**Required work**
When you reach the line containing "更新当前细胞状态,保存历史数据状态,保证长序列下保存良好" in the records below, start copying exactly, and stop once you have copied the line containing "Siheyuan Hollow Aquuside".

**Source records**
----

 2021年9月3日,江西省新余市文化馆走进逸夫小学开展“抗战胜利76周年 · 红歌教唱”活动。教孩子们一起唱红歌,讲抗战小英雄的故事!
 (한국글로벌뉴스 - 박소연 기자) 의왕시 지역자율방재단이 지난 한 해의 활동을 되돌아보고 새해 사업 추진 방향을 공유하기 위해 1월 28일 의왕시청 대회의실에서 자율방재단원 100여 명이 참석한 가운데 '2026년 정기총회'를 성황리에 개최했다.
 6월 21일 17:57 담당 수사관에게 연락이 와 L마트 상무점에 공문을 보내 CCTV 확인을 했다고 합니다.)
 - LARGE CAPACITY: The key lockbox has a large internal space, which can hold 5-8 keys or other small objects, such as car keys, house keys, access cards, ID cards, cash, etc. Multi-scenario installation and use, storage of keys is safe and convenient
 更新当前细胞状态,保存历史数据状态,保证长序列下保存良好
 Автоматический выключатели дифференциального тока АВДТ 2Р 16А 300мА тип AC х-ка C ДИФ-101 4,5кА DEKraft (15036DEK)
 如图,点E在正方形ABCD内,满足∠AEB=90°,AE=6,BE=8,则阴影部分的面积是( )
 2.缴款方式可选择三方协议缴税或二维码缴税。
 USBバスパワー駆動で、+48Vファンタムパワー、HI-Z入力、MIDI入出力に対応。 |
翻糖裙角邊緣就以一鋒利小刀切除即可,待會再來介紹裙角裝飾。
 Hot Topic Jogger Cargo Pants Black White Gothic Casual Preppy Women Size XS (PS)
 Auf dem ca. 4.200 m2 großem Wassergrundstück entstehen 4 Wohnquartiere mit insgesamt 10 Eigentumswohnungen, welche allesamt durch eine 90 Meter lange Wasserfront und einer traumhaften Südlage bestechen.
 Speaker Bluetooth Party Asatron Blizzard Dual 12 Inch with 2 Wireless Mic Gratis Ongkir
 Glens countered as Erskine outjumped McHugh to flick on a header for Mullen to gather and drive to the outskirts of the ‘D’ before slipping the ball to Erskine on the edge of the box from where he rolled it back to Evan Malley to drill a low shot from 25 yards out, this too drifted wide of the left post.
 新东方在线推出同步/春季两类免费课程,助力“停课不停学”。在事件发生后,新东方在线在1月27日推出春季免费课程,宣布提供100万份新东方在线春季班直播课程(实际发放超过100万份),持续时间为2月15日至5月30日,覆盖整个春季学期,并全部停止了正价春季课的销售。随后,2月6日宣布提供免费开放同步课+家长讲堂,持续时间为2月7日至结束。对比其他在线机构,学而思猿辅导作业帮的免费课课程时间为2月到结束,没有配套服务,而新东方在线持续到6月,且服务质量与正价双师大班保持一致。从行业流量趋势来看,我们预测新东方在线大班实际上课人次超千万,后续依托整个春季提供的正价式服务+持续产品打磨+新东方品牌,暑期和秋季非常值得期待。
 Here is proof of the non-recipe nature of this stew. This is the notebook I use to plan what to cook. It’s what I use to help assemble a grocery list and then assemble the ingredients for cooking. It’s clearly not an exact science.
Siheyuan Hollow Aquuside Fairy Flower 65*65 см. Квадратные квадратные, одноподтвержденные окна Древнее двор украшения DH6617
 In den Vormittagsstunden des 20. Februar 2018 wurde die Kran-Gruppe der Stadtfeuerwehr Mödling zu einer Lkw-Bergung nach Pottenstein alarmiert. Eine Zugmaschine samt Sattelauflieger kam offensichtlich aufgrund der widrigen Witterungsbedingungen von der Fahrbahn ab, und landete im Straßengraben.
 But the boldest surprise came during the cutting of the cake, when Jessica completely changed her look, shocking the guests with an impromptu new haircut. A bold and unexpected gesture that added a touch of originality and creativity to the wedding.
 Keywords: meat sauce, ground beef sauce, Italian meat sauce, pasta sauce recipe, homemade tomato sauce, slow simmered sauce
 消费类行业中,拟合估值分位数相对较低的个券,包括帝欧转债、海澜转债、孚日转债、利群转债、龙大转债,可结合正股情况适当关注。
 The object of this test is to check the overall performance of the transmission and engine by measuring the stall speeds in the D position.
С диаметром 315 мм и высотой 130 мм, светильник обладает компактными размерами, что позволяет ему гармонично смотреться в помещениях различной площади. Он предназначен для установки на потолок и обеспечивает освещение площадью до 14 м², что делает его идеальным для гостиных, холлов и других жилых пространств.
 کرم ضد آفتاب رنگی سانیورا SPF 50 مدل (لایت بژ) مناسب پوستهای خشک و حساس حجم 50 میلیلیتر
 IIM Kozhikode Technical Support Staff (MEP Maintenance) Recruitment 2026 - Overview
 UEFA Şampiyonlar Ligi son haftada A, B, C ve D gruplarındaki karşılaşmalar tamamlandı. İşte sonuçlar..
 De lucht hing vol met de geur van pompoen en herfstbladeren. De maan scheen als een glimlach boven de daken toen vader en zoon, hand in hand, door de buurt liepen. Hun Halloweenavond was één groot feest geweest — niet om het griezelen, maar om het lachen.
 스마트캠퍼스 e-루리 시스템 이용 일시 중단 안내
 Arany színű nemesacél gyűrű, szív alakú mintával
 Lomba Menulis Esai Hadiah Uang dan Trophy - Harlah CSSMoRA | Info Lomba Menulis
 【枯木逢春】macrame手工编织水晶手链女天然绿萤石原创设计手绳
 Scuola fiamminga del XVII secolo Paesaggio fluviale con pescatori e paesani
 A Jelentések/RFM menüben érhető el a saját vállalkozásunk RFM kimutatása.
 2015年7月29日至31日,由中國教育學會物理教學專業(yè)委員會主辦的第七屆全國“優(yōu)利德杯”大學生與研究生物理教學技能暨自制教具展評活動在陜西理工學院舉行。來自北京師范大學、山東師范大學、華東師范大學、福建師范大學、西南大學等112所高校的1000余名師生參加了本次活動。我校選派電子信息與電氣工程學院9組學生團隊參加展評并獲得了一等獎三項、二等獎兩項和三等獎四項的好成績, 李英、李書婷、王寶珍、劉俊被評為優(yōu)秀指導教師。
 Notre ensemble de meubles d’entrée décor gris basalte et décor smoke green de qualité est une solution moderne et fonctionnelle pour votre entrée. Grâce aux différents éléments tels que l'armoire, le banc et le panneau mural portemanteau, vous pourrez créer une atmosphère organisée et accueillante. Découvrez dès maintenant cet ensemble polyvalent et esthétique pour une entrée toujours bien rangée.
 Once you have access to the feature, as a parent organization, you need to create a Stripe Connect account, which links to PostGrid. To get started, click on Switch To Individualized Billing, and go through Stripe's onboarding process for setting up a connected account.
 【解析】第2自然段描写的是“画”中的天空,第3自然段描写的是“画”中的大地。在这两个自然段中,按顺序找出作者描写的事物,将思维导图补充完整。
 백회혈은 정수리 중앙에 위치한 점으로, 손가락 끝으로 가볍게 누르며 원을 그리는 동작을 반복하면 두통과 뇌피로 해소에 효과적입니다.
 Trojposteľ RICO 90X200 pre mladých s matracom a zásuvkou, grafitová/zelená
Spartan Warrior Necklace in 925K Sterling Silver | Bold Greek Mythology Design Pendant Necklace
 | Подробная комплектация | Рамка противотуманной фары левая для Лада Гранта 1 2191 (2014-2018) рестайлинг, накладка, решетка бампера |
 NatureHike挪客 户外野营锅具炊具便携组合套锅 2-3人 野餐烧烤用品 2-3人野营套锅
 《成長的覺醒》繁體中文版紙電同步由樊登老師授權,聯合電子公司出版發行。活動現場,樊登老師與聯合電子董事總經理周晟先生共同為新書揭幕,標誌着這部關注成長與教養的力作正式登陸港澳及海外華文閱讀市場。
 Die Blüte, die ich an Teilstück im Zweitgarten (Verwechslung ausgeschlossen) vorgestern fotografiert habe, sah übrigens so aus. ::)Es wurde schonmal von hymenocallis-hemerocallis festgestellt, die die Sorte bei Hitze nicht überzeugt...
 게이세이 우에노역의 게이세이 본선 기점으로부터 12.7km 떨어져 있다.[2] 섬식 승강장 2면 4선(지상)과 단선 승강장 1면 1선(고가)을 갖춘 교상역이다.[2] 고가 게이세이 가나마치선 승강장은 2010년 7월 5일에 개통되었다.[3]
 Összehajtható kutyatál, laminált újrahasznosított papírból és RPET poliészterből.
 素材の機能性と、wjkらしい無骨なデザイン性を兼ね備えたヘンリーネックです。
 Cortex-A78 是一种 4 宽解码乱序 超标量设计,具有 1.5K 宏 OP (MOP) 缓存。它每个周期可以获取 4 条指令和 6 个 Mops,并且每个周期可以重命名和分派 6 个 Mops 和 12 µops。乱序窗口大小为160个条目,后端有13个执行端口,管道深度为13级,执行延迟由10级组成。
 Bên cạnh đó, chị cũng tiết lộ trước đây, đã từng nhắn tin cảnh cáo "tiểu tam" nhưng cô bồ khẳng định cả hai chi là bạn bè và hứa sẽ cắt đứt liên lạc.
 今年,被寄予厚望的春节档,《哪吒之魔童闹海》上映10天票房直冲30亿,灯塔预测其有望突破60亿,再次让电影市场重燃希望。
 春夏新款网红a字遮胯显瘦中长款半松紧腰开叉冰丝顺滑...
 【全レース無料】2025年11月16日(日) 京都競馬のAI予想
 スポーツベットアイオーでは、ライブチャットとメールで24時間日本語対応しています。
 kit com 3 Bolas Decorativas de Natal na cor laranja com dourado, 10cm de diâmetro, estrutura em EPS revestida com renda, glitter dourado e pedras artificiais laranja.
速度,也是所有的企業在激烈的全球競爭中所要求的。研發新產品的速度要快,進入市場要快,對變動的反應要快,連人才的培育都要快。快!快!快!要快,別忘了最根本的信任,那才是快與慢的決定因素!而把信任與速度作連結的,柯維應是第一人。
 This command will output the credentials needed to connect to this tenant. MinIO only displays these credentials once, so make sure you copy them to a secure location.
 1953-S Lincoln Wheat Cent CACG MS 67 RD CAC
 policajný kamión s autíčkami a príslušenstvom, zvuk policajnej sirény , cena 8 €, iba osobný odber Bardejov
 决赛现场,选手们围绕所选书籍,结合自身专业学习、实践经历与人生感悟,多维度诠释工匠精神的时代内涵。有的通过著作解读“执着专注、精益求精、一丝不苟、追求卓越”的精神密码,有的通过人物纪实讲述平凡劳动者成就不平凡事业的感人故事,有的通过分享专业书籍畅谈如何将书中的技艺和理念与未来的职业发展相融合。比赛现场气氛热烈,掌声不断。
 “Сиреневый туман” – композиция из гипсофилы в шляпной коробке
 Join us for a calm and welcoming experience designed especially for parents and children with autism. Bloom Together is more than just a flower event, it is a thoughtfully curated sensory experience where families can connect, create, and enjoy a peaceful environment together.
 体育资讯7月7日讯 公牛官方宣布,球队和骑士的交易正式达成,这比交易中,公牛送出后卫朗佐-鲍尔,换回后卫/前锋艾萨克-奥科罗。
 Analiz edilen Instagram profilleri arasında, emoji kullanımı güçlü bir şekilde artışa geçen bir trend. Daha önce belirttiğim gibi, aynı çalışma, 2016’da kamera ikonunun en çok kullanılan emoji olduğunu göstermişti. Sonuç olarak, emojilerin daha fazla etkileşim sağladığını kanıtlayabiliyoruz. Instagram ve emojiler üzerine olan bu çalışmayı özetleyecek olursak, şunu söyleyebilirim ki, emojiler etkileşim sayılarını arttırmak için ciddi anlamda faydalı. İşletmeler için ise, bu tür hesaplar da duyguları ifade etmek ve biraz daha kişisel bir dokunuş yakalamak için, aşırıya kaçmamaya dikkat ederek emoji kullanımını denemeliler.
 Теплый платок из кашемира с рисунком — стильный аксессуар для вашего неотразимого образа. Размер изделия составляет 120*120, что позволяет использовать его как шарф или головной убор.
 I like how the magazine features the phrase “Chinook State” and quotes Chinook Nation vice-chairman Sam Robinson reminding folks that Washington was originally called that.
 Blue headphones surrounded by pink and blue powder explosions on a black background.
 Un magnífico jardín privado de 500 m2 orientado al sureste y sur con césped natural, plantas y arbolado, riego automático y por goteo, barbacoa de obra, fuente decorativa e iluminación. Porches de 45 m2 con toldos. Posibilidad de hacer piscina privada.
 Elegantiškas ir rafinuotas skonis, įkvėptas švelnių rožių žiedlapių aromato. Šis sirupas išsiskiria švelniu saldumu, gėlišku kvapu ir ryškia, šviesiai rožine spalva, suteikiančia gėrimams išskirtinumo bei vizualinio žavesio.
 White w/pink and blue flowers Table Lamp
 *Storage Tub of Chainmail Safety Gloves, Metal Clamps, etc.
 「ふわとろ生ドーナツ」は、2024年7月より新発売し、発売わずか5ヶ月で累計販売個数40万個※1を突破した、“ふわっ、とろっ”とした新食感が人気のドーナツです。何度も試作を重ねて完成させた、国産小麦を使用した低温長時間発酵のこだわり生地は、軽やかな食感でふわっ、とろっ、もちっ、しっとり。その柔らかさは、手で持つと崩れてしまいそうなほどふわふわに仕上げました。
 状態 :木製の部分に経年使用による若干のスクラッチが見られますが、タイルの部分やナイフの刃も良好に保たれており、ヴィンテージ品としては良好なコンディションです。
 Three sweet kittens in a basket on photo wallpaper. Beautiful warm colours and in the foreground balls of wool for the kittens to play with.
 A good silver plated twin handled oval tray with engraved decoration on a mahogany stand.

----

**Output**
 更新当前细胞状态,保存历史数据状态,保证长序列下保存良好
 Автоматический выключатели дифференциального тока АВДТ 2Р 16А 300мА тип AC х-ка C ДИФ-101 4,5кА DEKraft (15036DEK)
 如图,点E在正方形ABCD内,满足∠AEB=90°,AE=6,BE=8,则阴影部分的面积是( )
 2.缴款方式可选择三方协议缴税或二维码缴税。
 USBバスパワー駆動で、+48Vファンタムパワー、HI-Z入力、MIDI入出力に対応。 |
翻糖裙角邊緣就以一鋒利小刀切除即可,待會再來介紹裙角裝飾。
 Hot Topic Jogger Cargo Pants Black White Gothic Casual Preppy Women Size XS (PS)
 Auf dem ca. 4.200 m2 großem Wassergrundstück entstehen 4 Wohnquartiere mit insgesamt 10 Eigentumswohnungen, welche allesamt durch eine 90 Meter lange Wasserfront und einer traumhaften Südlage bestechen.
 Speaker Bluetooth Party Asatron Blizzard Dual 12 Inch with 2 Wireless Mic Gratis Ongkir
 Glens countered as Erskine outjumped McHugh to flick on a header for Mullen to gather and drive to the outskirts of the ‘D’ before slipping the ball to Erskine on the edge of the box from where he rolled it back to Evan Malley to drill a low shot from 25 yards out, this too drifted wide of the left post.
 新东方在线推出同步/春季两类免费课程,助力“停课不停学”。在事件发生后,新东方在线在1月27日推出春季免费课程,宣布提供100万份新东方在线春季班直播课程(实际发放超过100万份),持续时间为2月15日至5月30日,覆盖整个春季学期,并全部停止了正价春季课的销售。随后,2月6日宣布提供免费开放同步课+家长讲堂,持续时间为2月7日至结束。对比其他在线机构,学而思猿辅导作业帮的免费课课程时间为2月到结束,没有配套服务,而新东方在线持续到6月,且服务质量与正价双师大班保持一致。从行业流量趋势来看,我们预测新东方在线大班实际上课人次超千万,后续依托整个春季提供的正价式服务+持续产品打磨+新东方品牌,暑期和秋季非常值得期待。
 Here is proof of the non-recipe nature of this stew. This is the notebook I use to plan what to cook. It’s what I use to help assemble a grocery list and then assemble the ingredients for cooking. It’s clearly not an exact science.
Siheyuan Hollow Aquuside Fairy Flower 65*65 см. Квадратные квадратные, одноподтвержденные окна Древнее двор украшения DH6617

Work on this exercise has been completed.